So this is starting to work now and I thought I might share a quick summary of the experience! A big thanks to Weijia Song and Sagar Jha, who worked with Cornell ECE undergraduate Alex Katz to make this happen. It was, as it turned out, remarkably hard.
For those lacking context, let me start with a summary of why this topic is of interest, but then that group of people may want to tune out because I'll go back to being highly technical. As you may know, RDMA is a technology for permitting one computer in a data-center or cluster (close-by, densely packed machines) to do direct memory-to-memory data transfers. RDMA comes in various modes: you can do messaging over RDMA (one machine sends, the other receives), and in this case it will behave much like TCP, waiting to send until the receiver is ready, then transmitting losslessly. The big win is that the transfer will run at DMA speeds, which are extremely high: 100Gbps or more. In contrast, if you code a little TCP-based transfer on the identical computers, same network card, you tend to see performance 1/5th what RDMA can achieve or less, because of all the copying (from user space to kernel, then the kernel to kernel transfer over the network in IP packets, then copying up). Copying takes time, and this ends up being 4/5ths of the total path. RDMA eliminates all of that, at least for large transfer.
For small transfers, people work with "one-sided" RDMA in which the sender and receiver prenegotiate a connection but also share a memory region: B grants A permission to read or write within some chunk of B's local memory. Then A basically ends up thinking of B's memory as mapped into A's own computer, although the data transfer isn't as transparent as just reaching into a mapped memory -- it has to occur via special read and write commands. Still, the model would be one of shared memory, reliably updated or read remotely.
RDMA originated on InfiniBand (IB) networks, popular in today's supercomputer systems. Most supercomputer communication runs over a library called the Message Passing Interface, MPI, via an implementation like MVAPICH, and versions like that are highly tuned to leverage RDMA on IB. Our work on the Cornell Derecho system uses this same technology.
Now, continuing the back story, RDMA in this form dates to work done long ago at Cornell by Thorsten Von Eicken (went on to lead GoToMyPC.com) and Werner Vogels (now CTO at Amazon). RDMA took off in industry, and some think it killed off the older style of parallel supercomputing, replacing it with less costly clusters of commodity machines connected with RDMA networks on IB. Anyhow, right from the start the leaders pushed for a TCP-like model. In fact you actually start by creating a TCP connection, a normal one, then put an RDMA connection in place "next to it", using TCP for passing control messages until the RDMA layer is up and running. RDMA itself involves a firmware program that runs in the NIC (so these NICs are like little co-processors, and in fact they often have a full Linux O/S on them, and are coded in C or C++). The interaction between end-host and NIC is through shared "queue" data structures, which are always grouped: there is a queue used for send/receive/read/write operations (called "verbs" for reasons lost in the mists of time), and then a separate completion queue where the NIC reports on operations that have finished.
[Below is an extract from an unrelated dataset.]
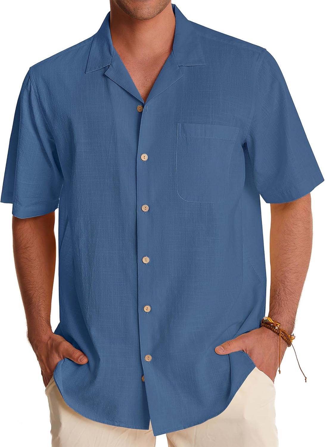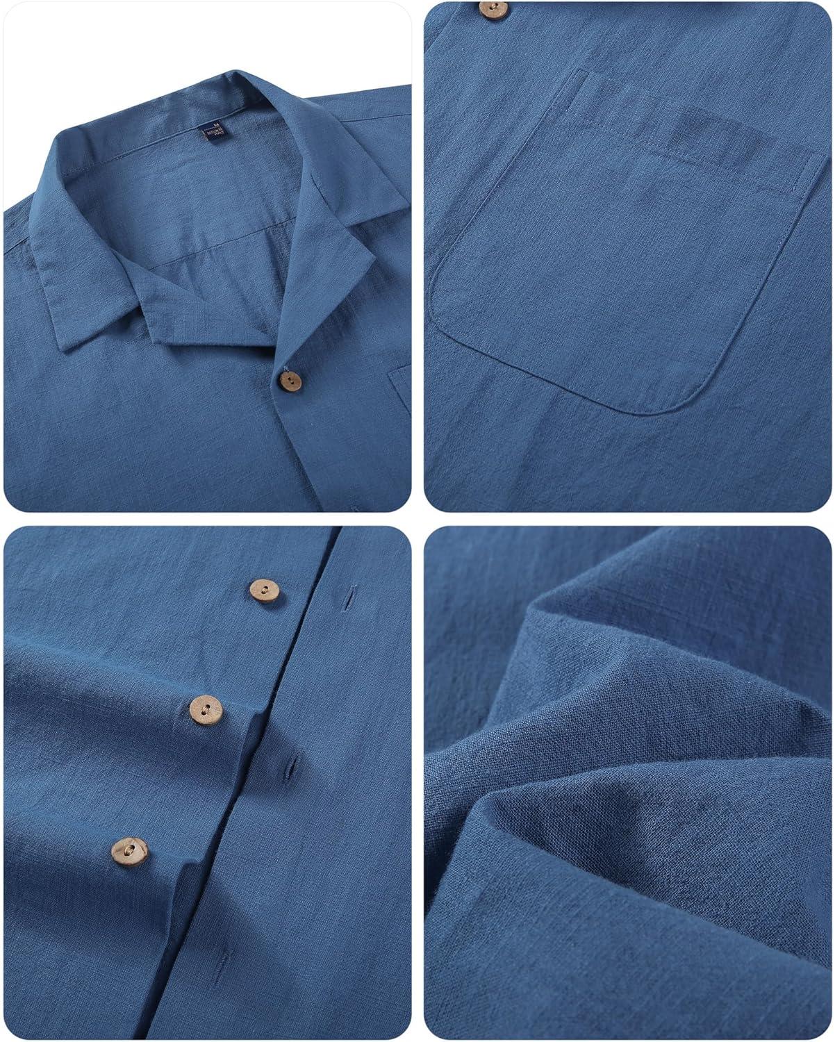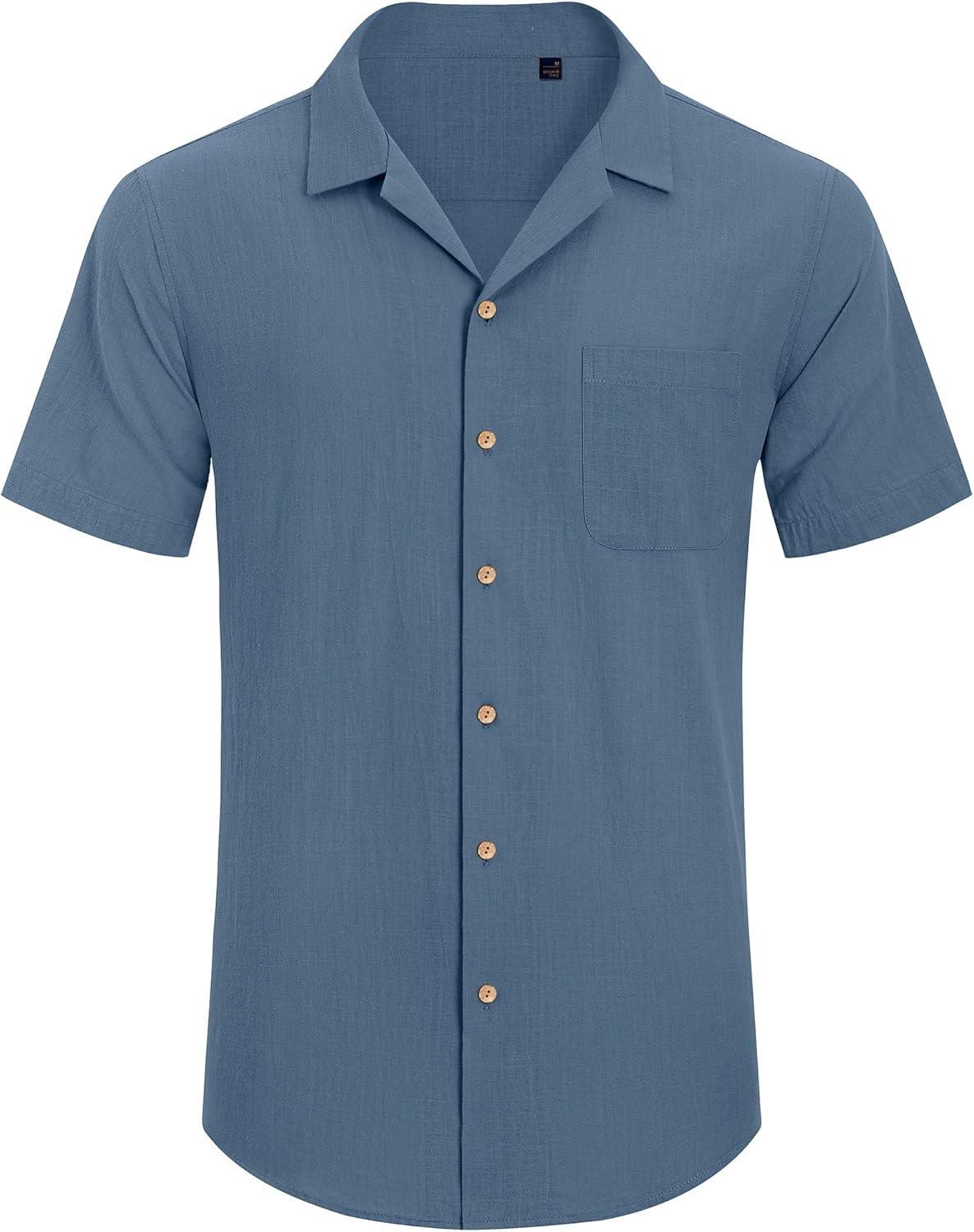 Alimens & Gentle Mens Linen Shirts Cotton Hawaiian Shirts Short Sleeve Button Down Shirts Casual Summer Beach Tops(Denim Blue)
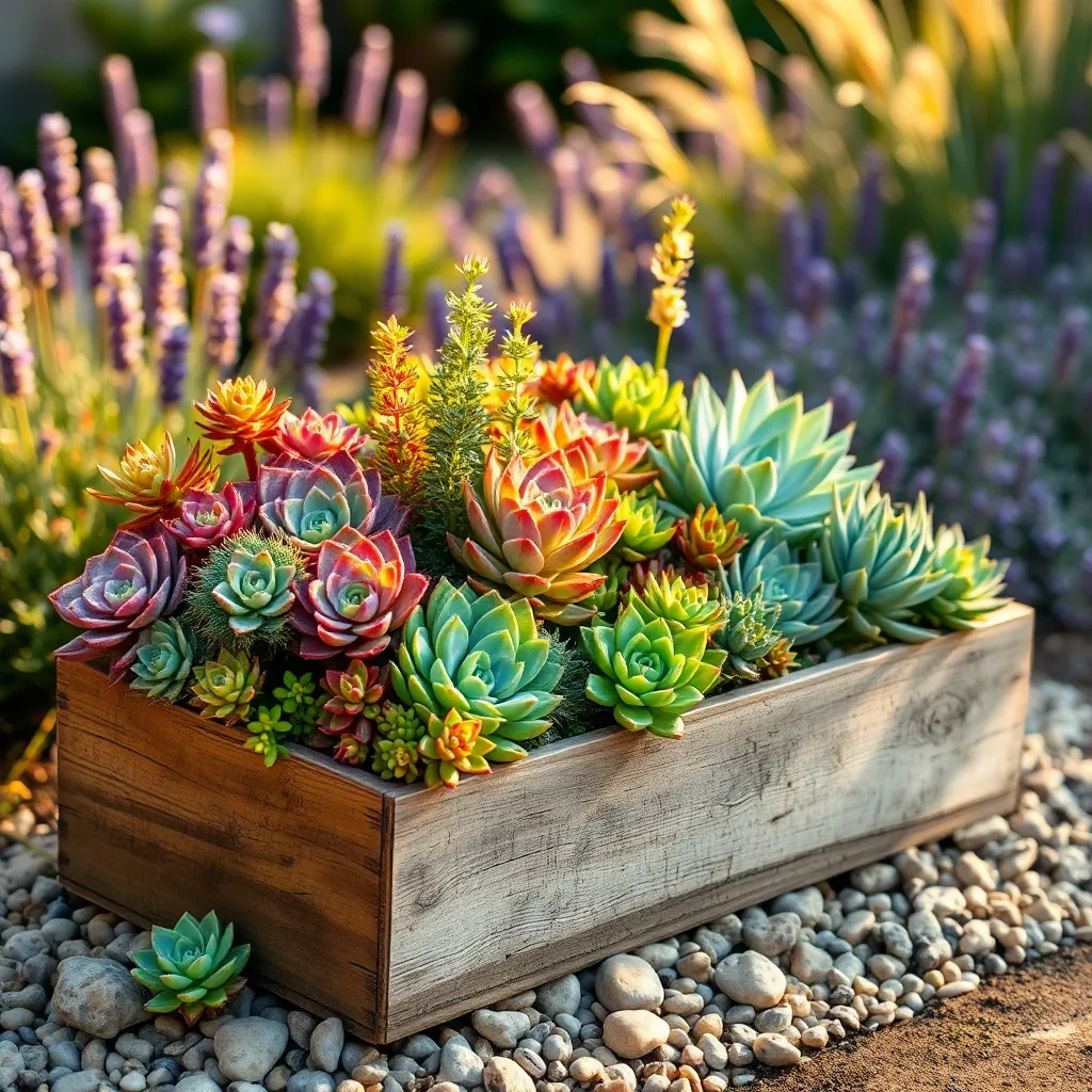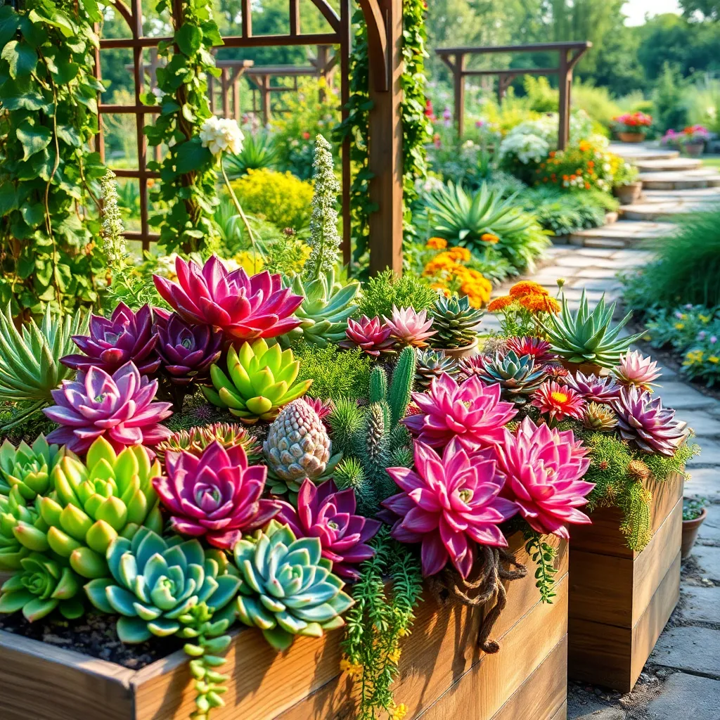 The scene feels lush, abundant, and intensely colorful, capturing the magic of a midsummer garden basking in bright light. It’s a statement piece that blends the structure of woodworking with the wild beauty of the plants. For a similar effect, use a cedar or redwood raised bed and choose varieties like Echeveria ‘Afterglow’ or ‘Neon Breakers’ to achieve those show-stopping bright pinks and magentas.

Verbs, the RDMA API, define a huge number of specialization options. Data can be "inline" (inside the operation) or external (via a pointer, and a length), or one can specify a vector of locations (scatter-gather). Operations can be selected for completion reporting. There is a way to multiplex and demultiplex more than one logical connection over a single RDMA connection, using "keys". There are "tags" that can carry an additional few bytes of information such as object length data (useful in cases where a big transfer is broken down into little sub-transfers).
Then there are ways to use RDMA verbs for unreliable datagram-like communication. Unlike the normal case, where the sender will be certain that messages got through, in order, reliably, with unreliable datagrams some form of end-to-end acknowledgement and retransmission would be needed in the application. And this mode also includes an unreliable multicast feature.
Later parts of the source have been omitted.